L’impact d’un Grand Prix sur l’économie locale ne fait aucun doute. Des exemples comme les Jeux olympiques de Séoul en 1988 ou la Coupe du monde au Brésil en 2014 montrent comment de grands événements sportifs peuvent transformer un pays, en attirant des investissements massifs dans les infrastructures et en stimulant le tourisme. C’est dire si ce projet pour le Rwanda constitue bien plus qu’une ambition sportive : l’organisation d’un tel événement représenterait une avancée économique majeure pour le pays.

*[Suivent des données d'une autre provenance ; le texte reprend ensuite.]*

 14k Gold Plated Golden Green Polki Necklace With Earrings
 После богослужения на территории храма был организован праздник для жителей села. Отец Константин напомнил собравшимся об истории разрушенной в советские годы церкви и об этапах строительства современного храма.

La construction d’un circuit de classe mondiale créerait des emplois et galvaniserait des secteurs clés comme l’hôtellerie et le tourisme.

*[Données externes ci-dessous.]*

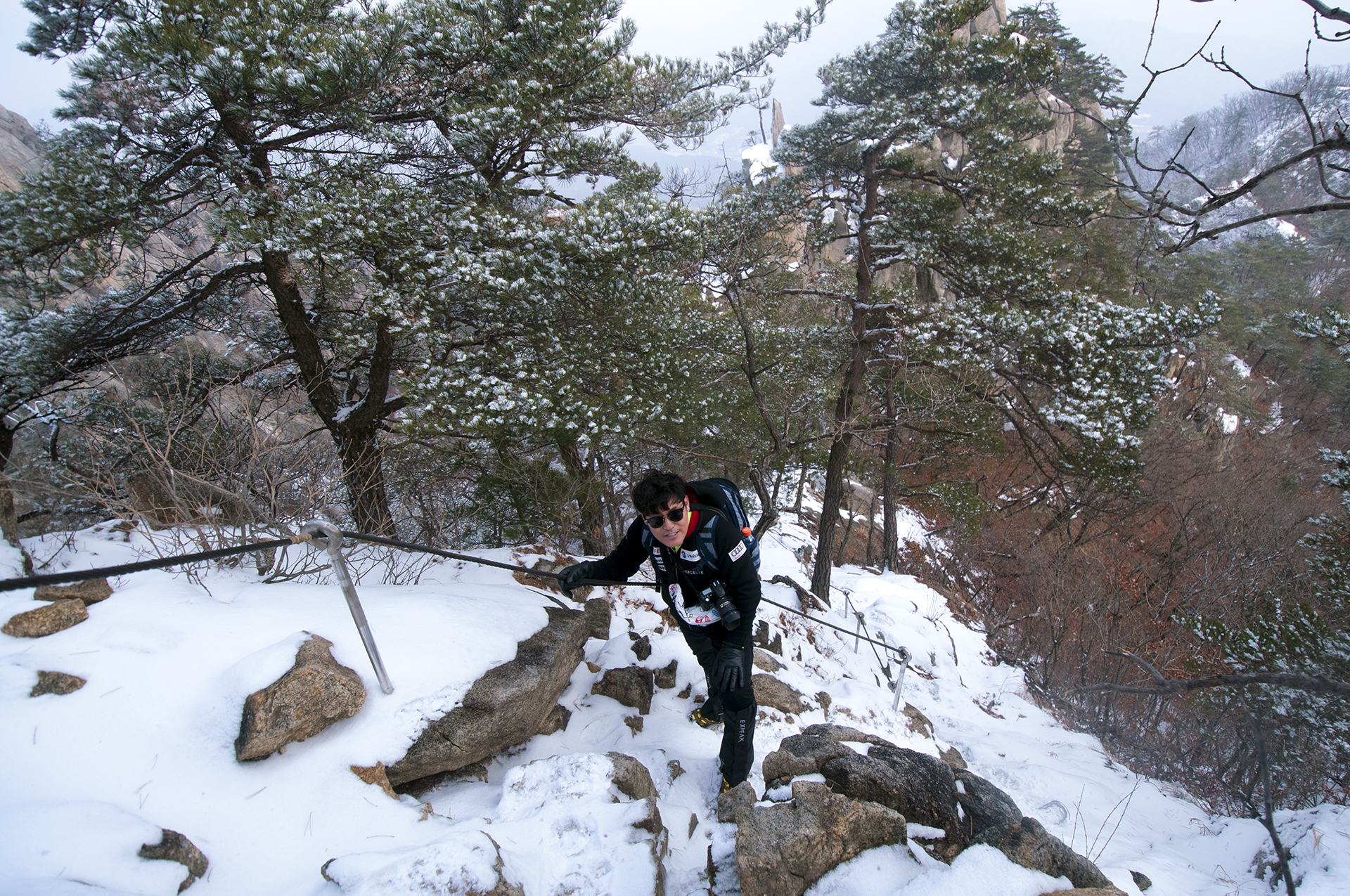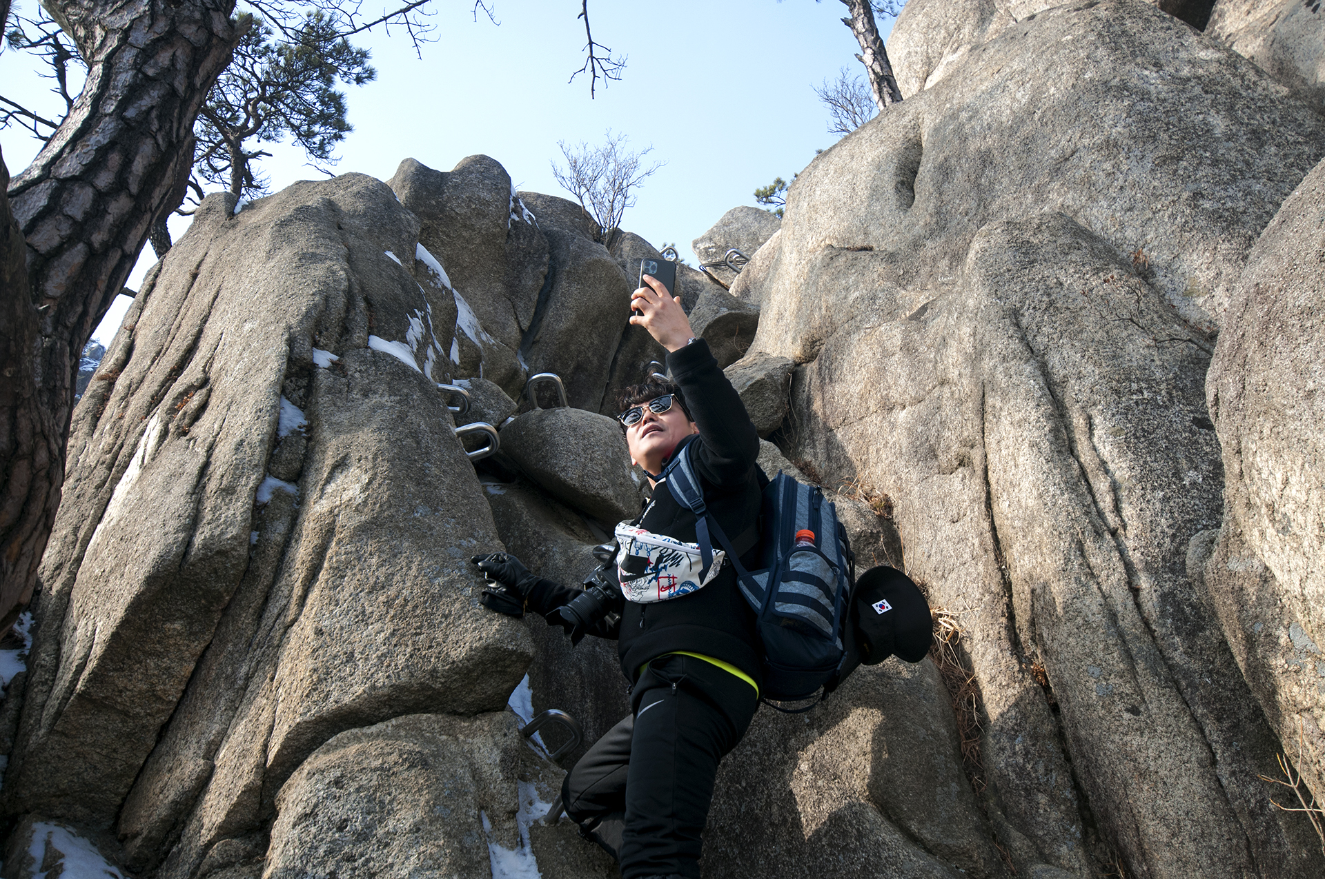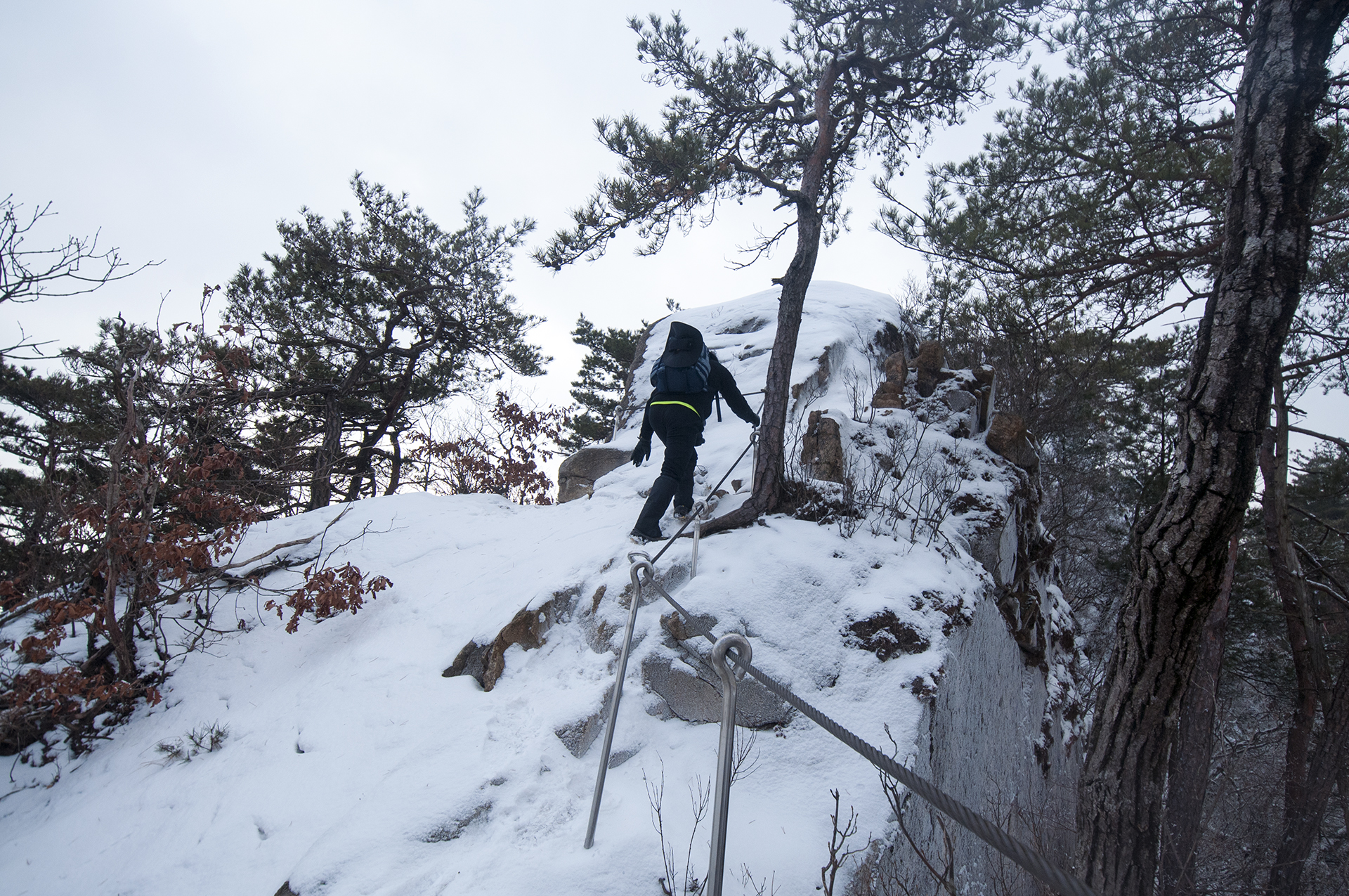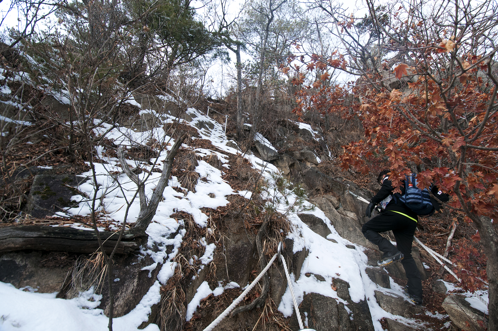 바위에 박힌 ㄷ자 쇠가 없었다면 올라가지도 못할 구간들이다.

« Ce projet pour le Rwanda constitue bien plus qu’une ambition sportive : l’organisation d’un tel événement représenterait une avancée économique majeure pour le pays »
Oser Rêver Grand
Le président Kagame a insisté sur la nécessité pour l’Afrique d’investir dans des projets ambitieux. « Les pays que nous admirons aujourd’hui ont atteint leur développement en osant rêver grand », a-t-il rappelé, ajoutant : « Ce projet est une déclaration forte contre la dépendance à l’aide extérieure et un appel à l’autonomie ». L’agenda 2025 étant fixé, s’il y a un Grand Prix africain, ce sera en 2026… au Rwanda, ou ailleurs. En attendant, les assemblées générales de la FIA ont réuni du 10 au 13 décembre à Kigali tous les clubs membres pour définir l’avenir de la Fédération. Sous la présidence du président de la FIA, ces réunions stratégiques ont abordé les questions liées au budget et à l’élection des dirigeants, ainsi que les propositions des Conseils mondiaux. Ces assemblées ont par ailleurs pour objectif de fédérer les initiatives mondiales autour de solutions concrètes pour réduire les émissions liées au transport et encourager des pratiques durables.
« Les pays que nous admirons aujourd’hui ont atteint leur développement en osant rêver grand »
Ces assemblées se sont clôturées avec faste : la cérémonie des awards a ainsi vu le très attendu Max Verstappen consacré Champion du monde des pilotes de Formule 1 de la FIA pour la quatrième année consécutive ; et Lando Norris, de McLaren, est reparti avec le trophée du vice-champion, suivi de Charles Leclerc, troisième avec Ferrari. D’autres légendes des sports mécaniques ont également été saluées lors de cet événement, comme Thierry Neuville (WRC), Johan Kristoffersson (Rallycross), et plusieurs champions du monde du karting et des courses d’endurance.